In data recognition of a lane division line such as a lane line, a lane division line may have higher luminance than that of a road surface. Based on this knowledge, luminance variation in a widthwise direction of a road may be evaluated, and positions of right and left lane division lines in an image plane may be specified on the image plane. A position (x, y, z) in a real space of the lane division line may be calculated with a known coordinate conversion expression, based on a position (i, j) on the image plane and a parallax calculated regarding the position, that is, based on the distance information. In a coordinate system in the real space set with a position of the own vehicle as a reference, in this implementation, for example, as illustrated in FIG. 6, the road surface directly below a midpoint of the cameras may be an origin; a vehicle widthwise direction may be denoted by an X axis; a vehicle heightwise direction a Y axis; and a vehicle lengthwise direction (a distance direction) a Z axis. Here, an x-z plane (y=0) may coincide with the road surface if the road is flat. A road model may be expressed by dividing, in the distance direction, a travel lane of the own vehicle on the road into a plurality of sections, approximating, as prescribed, the right and the left lane division lines in each of the sections, and coupling together the approximated right and left lane division lines. Note that, in the implementation, the forgoing description is given on an example in which a shape of a travel road may be recognized based on images from a pair of cameras. However, this is illustrative and non-limiting. The shape of the travel road may be obtained based on image information from other kind of cameras such as a monocular camera or a camera that may perform color imaging. In one implementation, the forward environment recognition device 31 may serve as a “forward environment recognizer”.
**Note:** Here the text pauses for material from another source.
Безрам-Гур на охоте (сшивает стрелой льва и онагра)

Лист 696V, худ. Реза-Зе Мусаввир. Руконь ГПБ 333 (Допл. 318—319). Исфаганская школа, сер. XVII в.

The steering controller 20 may perform a steering control, based on input signals as described above, according to a steering control program to be described later with reference to FIG. 3. In one specific but non-limiting instance, the steering controller 20 may set, based on the forward environment information, a target course to be traveled by the own vehicle, may calculate a target steering torque THT that allows the own vehicle to travel along the target course, may calculate a steering torque TH based on the steering angle θH, may variably set, in accordance with the vehicle speed V, a target steering torque speed-sensitive gain G1 of the target steering torque THT and a steering torque speed-sensitive gain G2 of the steering torque TH, may calculate the control torque TT, based on the target steering torque THT corrected based on the target steering torque speed-sensitive gain G1 thus variably set and the steering torque TH corrected based on the steering torque speed-sensitive gain G2 thus variably set, and may output the control torque TT to the motor driver 21 of the electric power steering motor 12 to execute the steering control. In one implementation, the target steering torque THT may serve as a “first control quantity”. In one implementation, the steering torque TH may serve as a “second control quantity”. In one implementation, the control torque TT may serve as a “steering control quantity”. In one implementation, the target steering torque speed-sensitive gain G1 may serve as a “first rate”. In one implementation, the steering torque speed-sensitive gain G2 may serve as a “second rate”.

The steering controller 20 may therefore include, as illustrated in FIG. 2, a target steering angle calculator 20a, a target steering torque calculator 20b, a target steering torque speed-sensitive gain setter 20c, a steering torque calculator 20d, a steering torque speed-sensitive gain setter 20e, an integral term reset determiner 20f, and a control torque calculator 20g, as its principal components.

The target steering angle calculator 20a may receive the forward environment information based on the image information as described above, from the forward environment recognition device 31. The forward environment information may include, for example, the shape of the road, i.e., lane division line (or lane line) position information, and information on three-dimensional objects including a preceding vehicle on the lane line. The target steering angle calculator 20a may receive the vehicle speed V from the speed sensor 32, and may receive the steering angle θH from the steering angle sensor 33.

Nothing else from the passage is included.